> DATASET:
^^^^
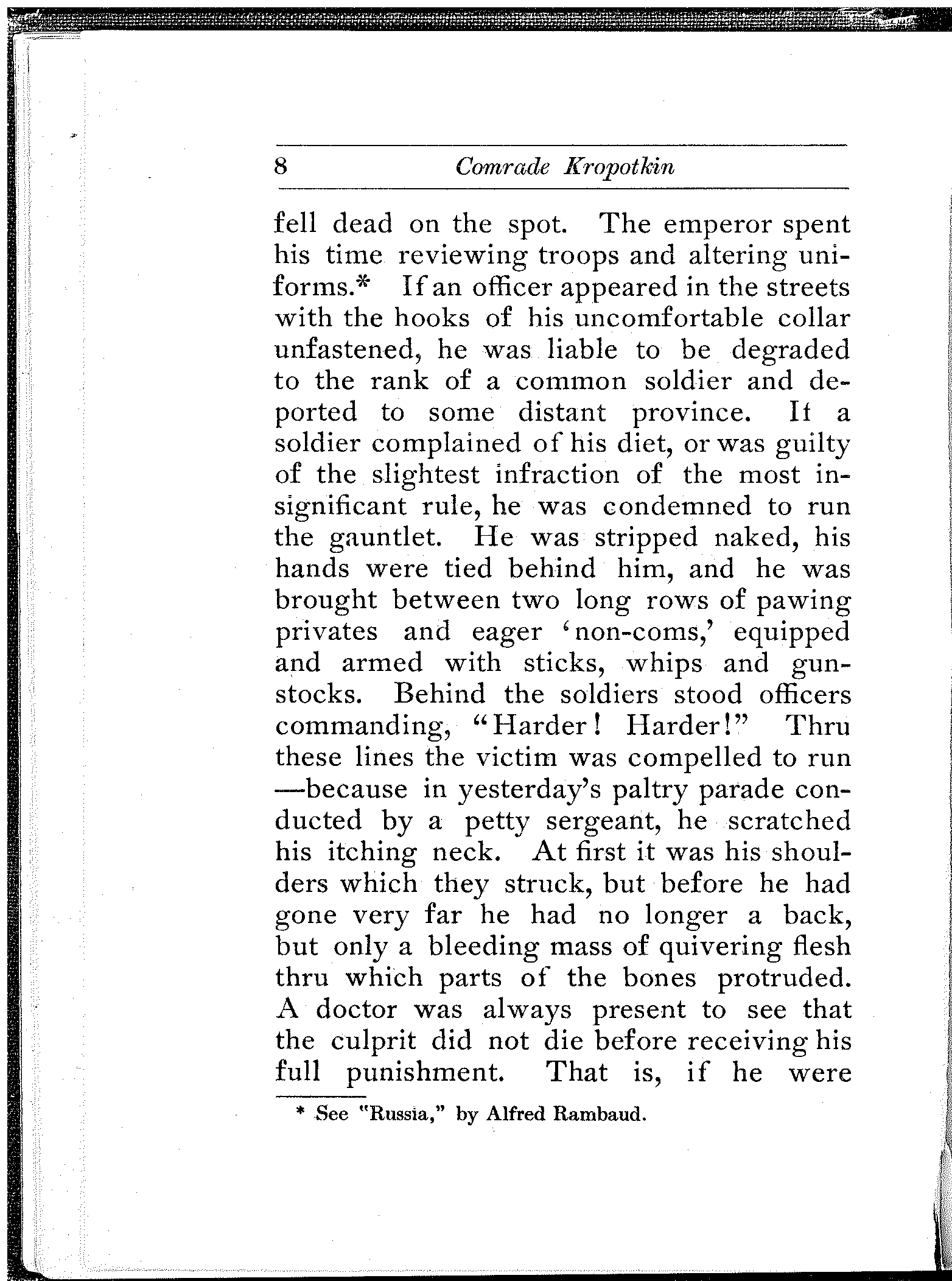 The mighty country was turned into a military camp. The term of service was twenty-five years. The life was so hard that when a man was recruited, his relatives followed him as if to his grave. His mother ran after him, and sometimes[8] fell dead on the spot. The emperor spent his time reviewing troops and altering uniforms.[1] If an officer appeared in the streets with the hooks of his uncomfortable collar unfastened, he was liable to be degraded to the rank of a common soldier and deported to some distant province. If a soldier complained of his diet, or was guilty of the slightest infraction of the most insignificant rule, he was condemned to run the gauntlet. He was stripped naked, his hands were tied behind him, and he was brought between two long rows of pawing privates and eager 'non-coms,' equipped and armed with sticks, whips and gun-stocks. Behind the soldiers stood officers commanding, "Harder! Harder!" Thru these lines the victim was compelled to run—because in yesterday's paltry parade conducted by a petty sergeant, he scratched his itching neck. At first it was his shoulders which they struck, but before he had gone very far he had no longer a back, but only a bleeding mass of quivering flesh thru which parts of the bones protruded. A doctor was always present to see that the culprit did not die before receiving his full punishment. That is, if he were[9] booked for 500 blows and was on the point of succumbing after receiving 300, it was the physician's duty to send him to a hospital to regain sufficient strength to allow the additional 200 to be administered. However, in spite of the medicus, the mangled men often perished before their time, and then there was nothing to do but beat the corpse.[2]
^^^^
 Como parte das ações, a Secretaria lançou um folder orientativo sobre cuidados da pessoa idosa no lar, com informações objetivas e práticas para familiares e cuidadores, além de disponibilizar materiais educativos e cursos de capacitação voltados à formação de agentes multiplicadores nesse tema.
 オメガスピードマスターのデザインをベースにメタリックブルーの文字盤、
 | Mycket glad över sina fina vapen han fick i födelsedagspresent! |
^^^^
> ACTIVITY: Start with the line above that contains "オメガスピードマスターのデザインをベースにメタリックブルーの文字盤、" and stop after the line that contains "i födelsedagspresent! |". Output those lines exactly, and only those.

> TASK ANSWER:
 オメガスピードマスターのデザインをベースにメタリックブルーの文字盤、
 | Mycket glad över sina fina vapen han fick i födelsedagspresent! |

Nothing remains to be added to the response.